● PROBLEM TO SOLVE: Begin at the top of the entries below and write out every line through the one containing "因为横厅本身比较宽敞,中间加", excluding pictures.

(Items from a data source)
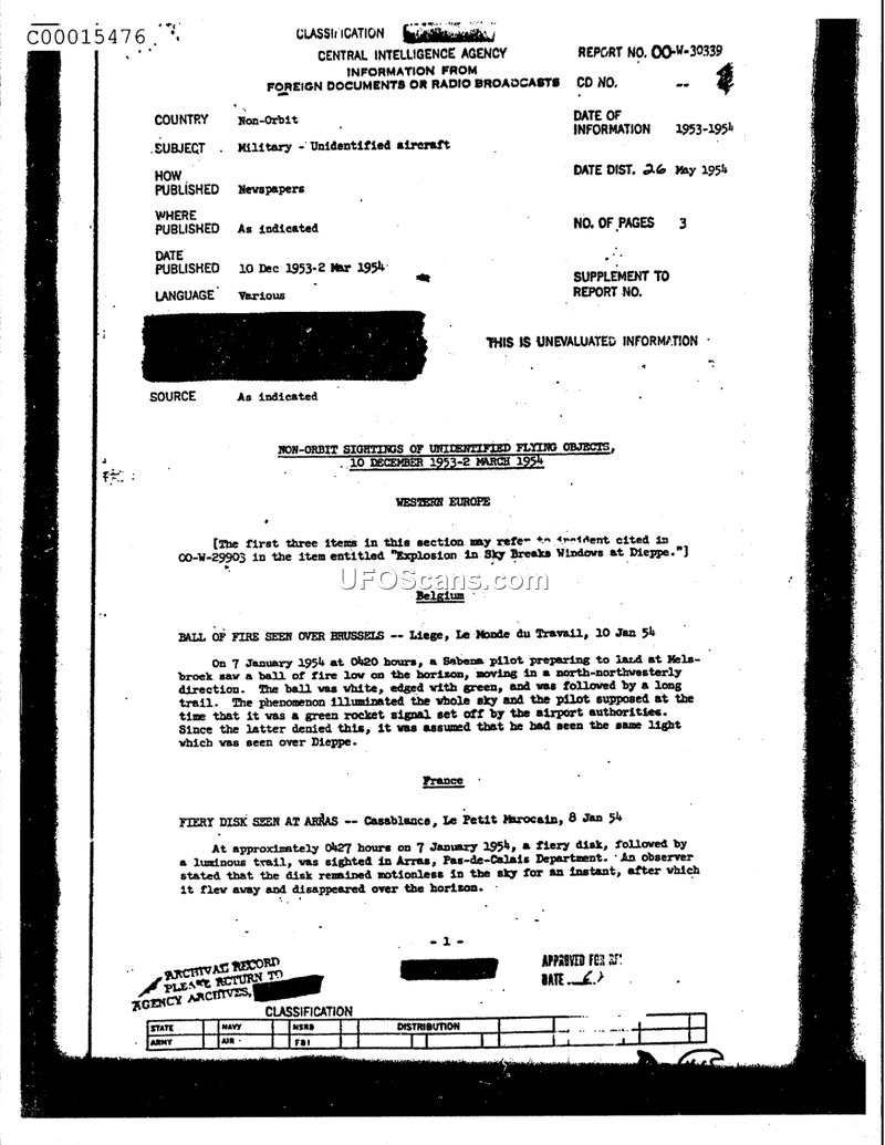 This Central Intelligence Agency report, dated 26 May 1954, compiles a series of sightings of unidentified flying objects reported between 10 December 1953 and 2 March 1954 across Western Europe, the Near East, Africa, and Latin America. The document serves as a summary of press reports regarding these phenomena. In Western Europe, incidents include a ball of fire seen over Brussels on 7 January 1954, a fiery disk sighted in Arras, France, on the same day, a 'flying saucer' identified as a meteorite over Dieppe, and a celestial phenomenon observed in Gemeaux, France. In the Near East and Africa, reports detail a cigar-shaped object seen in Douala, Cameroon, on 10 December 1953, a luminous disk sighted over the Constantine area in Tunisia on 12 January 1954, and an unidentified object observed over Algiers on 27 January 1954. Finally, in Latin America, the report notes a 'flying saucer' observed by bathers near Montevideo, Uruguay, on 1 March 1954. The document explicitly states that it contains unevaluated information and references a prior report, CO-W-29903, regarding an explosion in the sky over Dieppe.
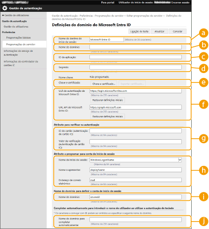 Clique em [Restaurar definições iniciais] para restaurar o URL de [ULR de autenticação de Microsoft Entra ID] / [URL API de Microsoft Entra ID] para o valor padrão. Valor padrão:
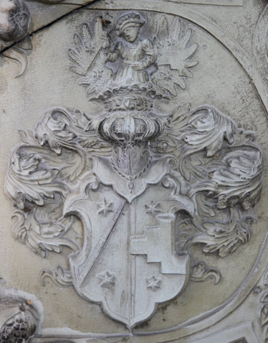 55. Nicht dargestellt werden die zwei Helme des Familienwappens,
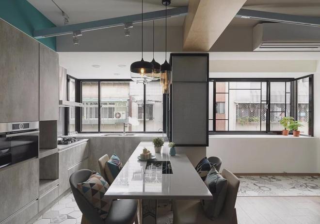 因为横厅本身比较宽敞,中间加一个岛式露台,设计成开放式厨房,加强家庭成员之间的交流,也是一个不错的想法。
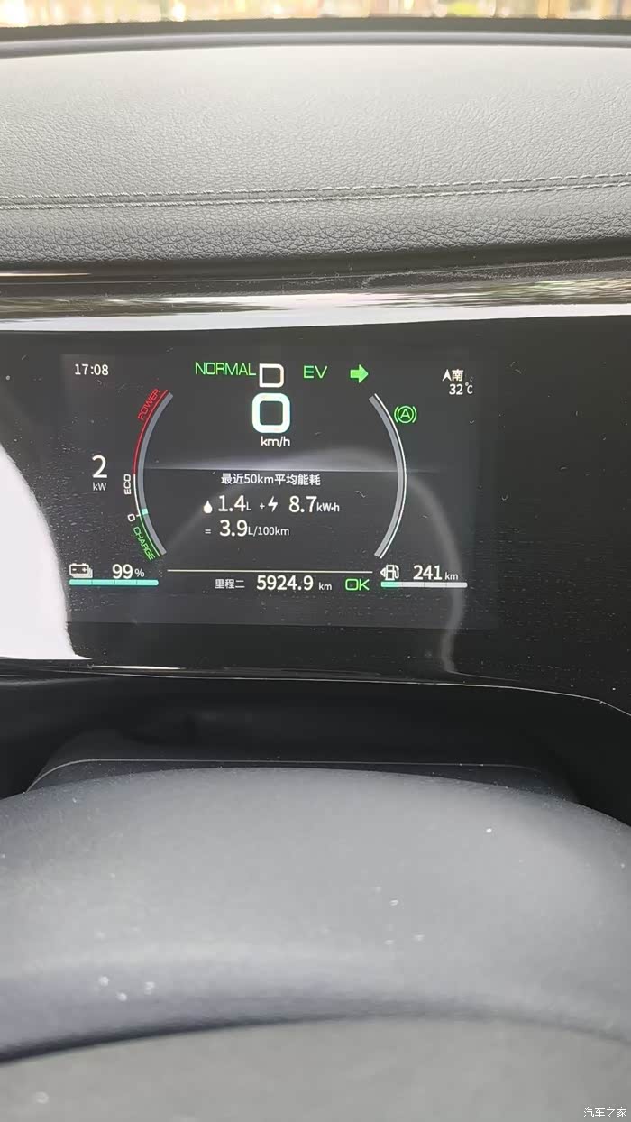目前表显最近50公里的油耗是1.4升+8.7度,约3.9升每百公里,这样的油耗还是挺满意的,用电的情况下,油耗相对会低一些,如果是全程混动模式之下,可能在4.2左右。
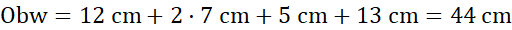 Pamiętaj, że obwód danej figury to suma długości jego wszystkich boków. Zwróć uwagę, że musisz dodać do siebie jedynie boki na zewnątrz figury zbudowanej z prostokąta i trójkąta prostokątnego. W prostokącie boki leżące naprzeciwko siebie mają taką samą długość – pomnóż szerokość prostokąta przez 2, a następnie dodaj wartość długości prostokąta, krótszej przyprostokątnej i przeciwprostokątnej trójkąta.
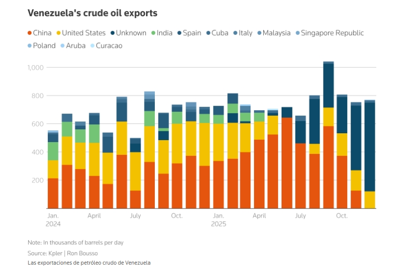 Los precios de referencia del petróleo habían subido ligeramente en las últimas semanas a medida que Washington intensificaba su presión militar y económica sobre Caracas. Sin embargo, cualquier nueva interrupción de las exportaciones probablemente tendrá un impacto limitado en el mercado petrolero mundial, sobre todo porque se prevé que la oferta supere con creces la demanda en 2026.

● PROBLEM SOLUTION:
 This Central Intelligence Agency report, dated 26 May 1954, compiles a series of sightings of unidentified flying objects reported between 10 December 1953 and 2 March 1954 across Western Europe, the Near East, Africa, and Latin America. The document serves as a summary of press reports regarding these phenomena. In Western Europe, incidents include a ball of fire seen over Brussels on 7 January 1954, a fiery disk sighted in Arras, France, on the same day, a 'flying saucer' identified as a meteorite over Dieppe, and a celestial phenomenon observed in Gemeaux, France. In the Near East and Africa, reports detail a cigar-shaped object seen in Douala, Cameroon, on 10 December 1953, a luminous disk sighted over the Constantine area in Tunisia on 12 January 1954, and an unidentified object observed over Algiers on 27 January 1954. Finally, in Latin America, the report notes a 'flying saucer' observed by bathers near Montevideo, Uruguay, on 1 March 1954. The document explicitly states that it contains unevaluated information and references a prior report, CO-W-29903, regarding an explosion in the sky over Dieppe.
 Clique em [Restaurar definições iniciais] para restaurar o URL de [ULR de autenticação de Microsoft Entra ID] / [URL API de Microsoft Entra ID] para o valor padrão. Valor padrão:
 55. Nicht dargestellt werden die zwei Helme des Familienwappens,
 因为横厅本身比较宽敞,中间加一个岛式露台,设计成开放式厨房,加强家庭成员之间的交流,也是一个不错的想法。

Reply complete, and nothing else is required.